It shows the negotiating power of _the Internet_ to the world. After all, the
bill was defeated by online communities like Reddit, Wikipedia or HN right
here. If anything that's an admission that online communities should be
listened to, much more often.

And I like that. When people ask me where I'm from, I often jokingly answer
"From the Internet", I'm sure a lot of people here can relate to this feeling.
I'm not a US citizen, but being from the Internet I am directly impacted by
these laws. I am glad to think that my "people" (fellow interneteese) and I
can make ourselves heard.

------
rpwilcox
Beiber's cover songs on the Internet aren't illegal because of PIPA, they're
illegal because of the current broken copyright system.

Unless Bieber got authorization from the rights holders, which is (I'm
guessing) both impossible and something no 8 or 9 year old would try properly.
(see also: this Wired article on the issue:
[http://www.wired.com/epicenter/2012/05/opinion-baio-
criminal...](http://www.wired.com/epicenter/2012/05/opinion-baio-criminal-
creativity/) )

In one way the PIPA protests were a resounding success.

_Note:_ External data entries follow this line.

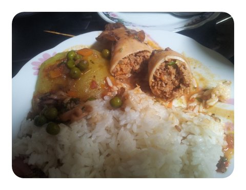 그러니 오징어 속 다진고기 정도로 번역해보면 무리가 아니지만 편의상 Peru식 오징어 순대로 하자.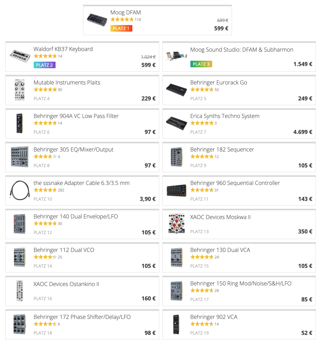 Что касается куска пирога. Вот топ продаж по модулярам и синтам с томана.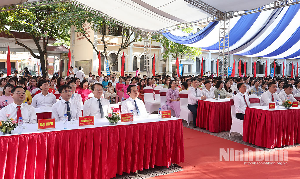 Cùng dự Lễ khai giảng có các đồng chí lãnh đạo Sở Nội vụ; Sở Giáo dục và Đào tạo (GD&ĐT); Văn phòng UBND tỉnh; phường Nam Định; Quỹ Hỗ trợ và Phát triển tài năng Thành Nam cùng hơn 1.700 cán bộ, giáo viên, học sinh nhà trường...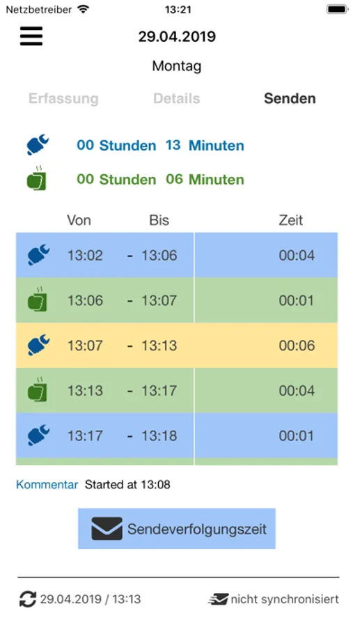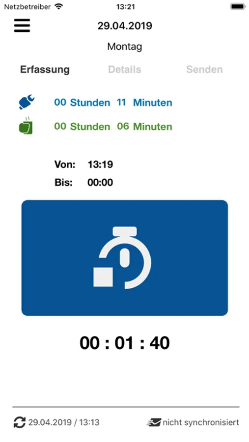 GO! Zeit lässt sich ohne Verbindung zum Internet verwenden. Sobald eine Verbindung besteht, werden Stammdaten (Aufträge, Arbeitsarten) eingelesen und die erfassten Zeiten an GO! Zeit Web übermittelt. Dort lassen sich die Daten kontrollieren und definitiv verbuchen.
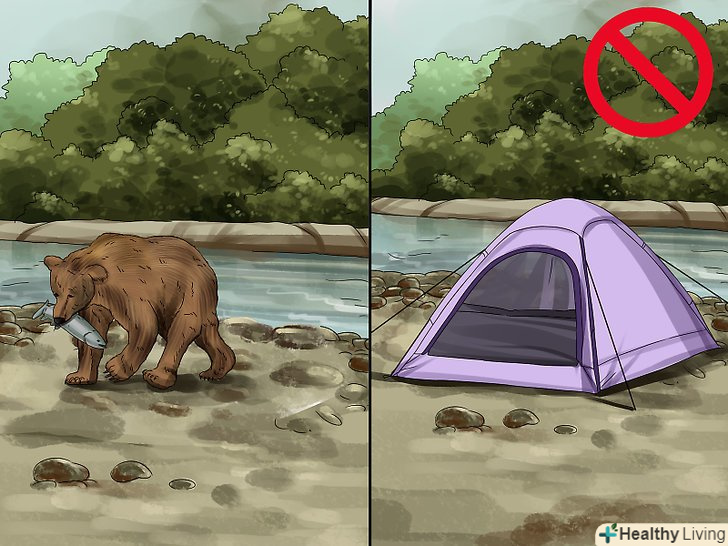Розбивайте табір в стороні від тих місць, які приваблюють ведмедів. Ведмеді люблять відвідувати туристичні стежки і рибні місця. Крім того, їх часто можна зустріти біля останків тварин. Ведмеді можуть навідатися в табір і в тому випадку, якщо ваші попередники залишили за собою харчові відходи. Уникайте подібних місць і намагайтеся розбивати табір подалі від них. [16]- Вибирайте для табору відкриті ділянки, де можна заздалегідь помітити наближення ведмедя.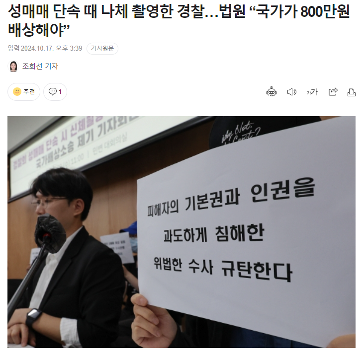 성매매 범죄 단속을 하던 경찰관에게 알몸을 촬영 당한 성매매 여성이 국가를 상대로 손해배상을 청구해 1심에서 일부 이겼다.
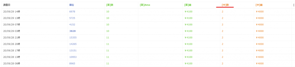 表では「[中]数」と書かれているのが中古の出品者数のことです。

In another way,
copyright laws in the US - regardless of PIPA - need some serious looking
into.

When birthday parties everywhere violates copyright law (by singing the
canonical Happy Birthday song), and face potentially large fines because of
it, something's broken.

------
altrego99
I think the scary thing is that these guys actually have the power to control
the Internet, if the bill is approved.

While protesting is good, I hope there will also be a solution which takes
away that power from them - so that anyone can put up a website without fear
of being taken down (or of having RIAA knocking at his door for referring to a
website which has link to some where else from where you can download a movie
that no one else would anyway buy).

------
ttt_
Taken at face value, it is blatant evidence that the bill was not properly
examined before being pushed to vote.

Shame on legislators everywhere that follow the same pattern.

Of course face value probably does not entail all that may have been
orchestraded out of sight.